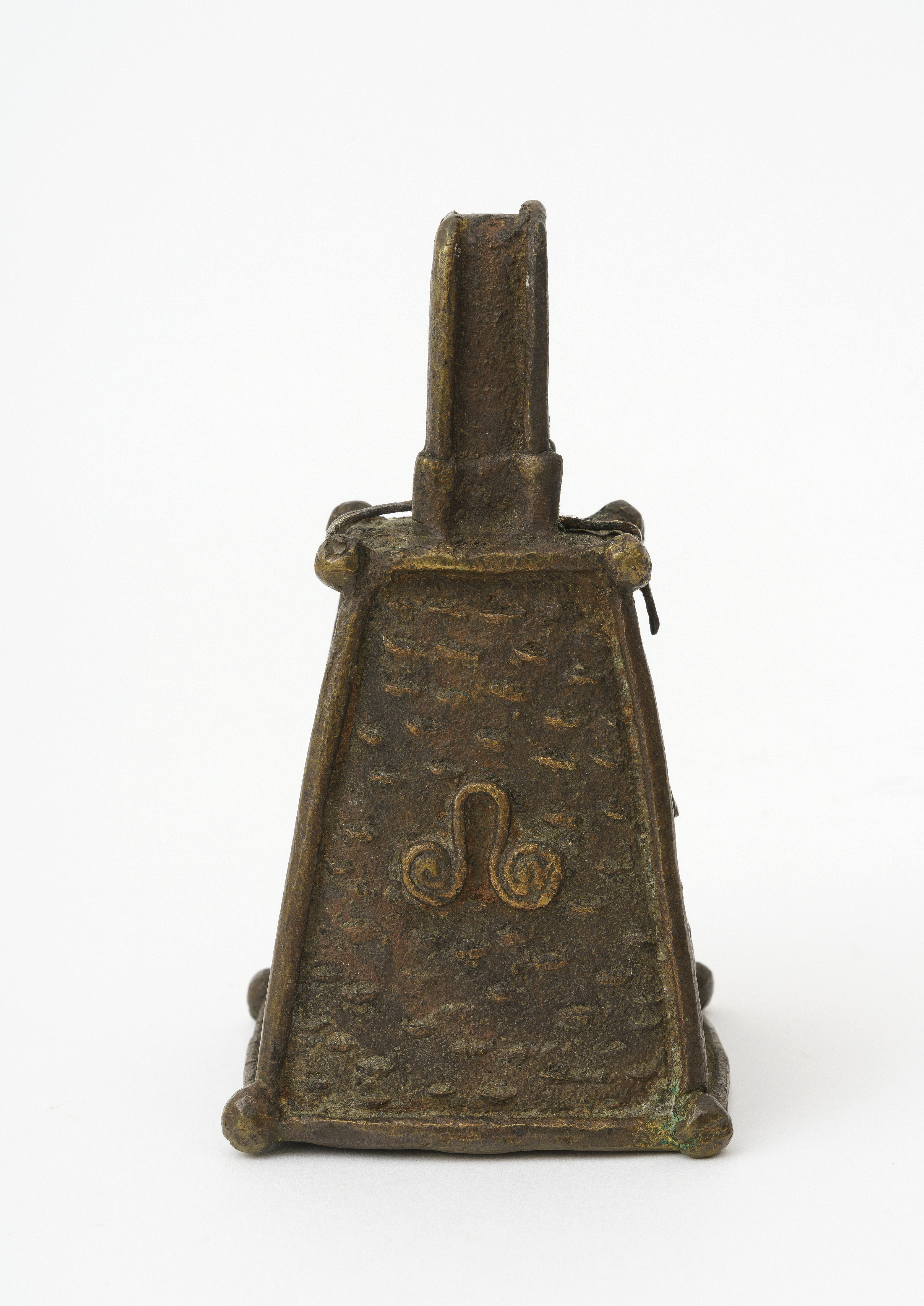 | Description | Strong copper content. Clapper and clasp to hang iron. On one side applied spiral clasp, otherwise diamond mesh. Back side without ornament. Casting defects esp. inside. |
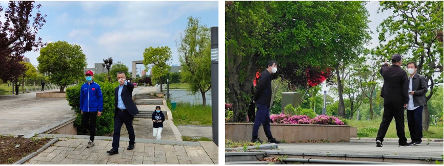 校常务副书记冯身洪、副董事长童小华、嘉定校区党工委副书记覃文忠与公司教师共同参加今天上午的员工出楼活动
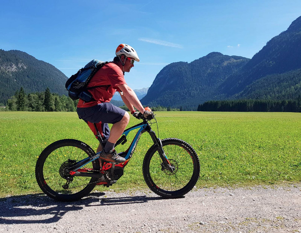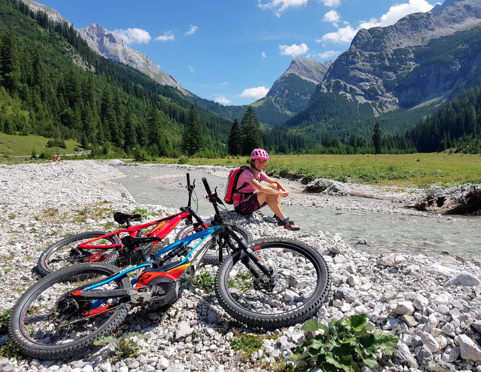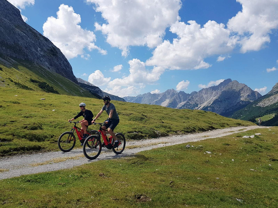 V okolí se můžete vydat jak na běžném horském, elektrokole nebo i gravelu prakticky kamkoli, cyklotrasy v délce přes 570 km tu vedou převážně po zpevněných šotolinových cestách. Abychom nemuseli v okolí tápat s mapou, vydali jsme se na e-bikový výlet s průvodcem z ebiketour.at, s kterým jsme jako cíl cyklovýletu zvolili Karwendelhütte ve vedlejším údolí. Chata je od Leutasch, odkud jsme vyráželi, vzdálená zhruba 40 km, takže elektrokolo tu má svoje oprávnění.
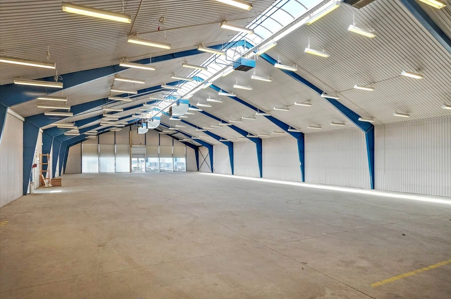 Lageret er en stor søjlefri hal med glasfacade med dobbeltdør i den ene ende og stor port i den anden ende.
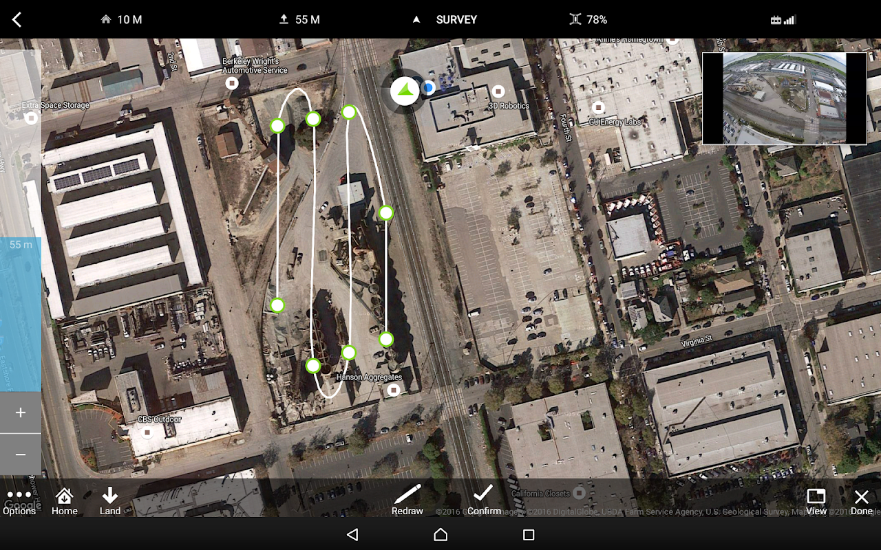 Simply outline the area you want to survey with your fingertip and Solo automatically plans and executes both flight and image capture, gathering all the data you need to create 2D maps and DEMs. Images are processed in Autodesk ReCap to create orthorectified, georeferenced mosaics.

- - - - - - -

■ EXERCISE GOAL:
When you repeat the data, keep it exact and drop every picture.

■ ANSWER FOR THIS EXERCISE:
 | Description | Strong copper content. Clapper and clasp to hang iron. On one side applied spiral clasp, otherwise diamond mesh. Back side without ornament. Casting defects esp. inside. |
 校常务副书记冯身洪、副董事长童小华、嘉定校区党工委副书记覃文忠与公司教师共同参加今天上午的员工出楼活动
 V okolí se můžete vydat jak na běžném horském, elektrokole nebo i gravelu prakticky kamkoli, cyklotrasy v délce přes 570 km tu vedou převážně po zpevněných šotolinových cestách. Abychom nemuseli v okolí tápat s mapou, vydali jsme se na e-bikový výlet s průvodcem z ebiketour.at, s kterým jsme jako cíl cyklovýletu zvolili Karwendelhütte ve vedlejším údolí. Chata je od Leutasch, odkud jsme vyráželi, vzdálená zhruba 40 km, takže elektrokolo tu má svoje oprávnění.
 Lageret er en stor søjlefri hal med glasfacade med dobbeltdør i den ene ende og stor port i den anden ende.
 Simply outline the area you want to survey with your fingertip and Solo automatically plans and executes both flight and image capture, gathering all the data you need to create 2D maps and DEMs. Images are processed in Autodesk ReCap to create orthorectified, georeferenced mosaics.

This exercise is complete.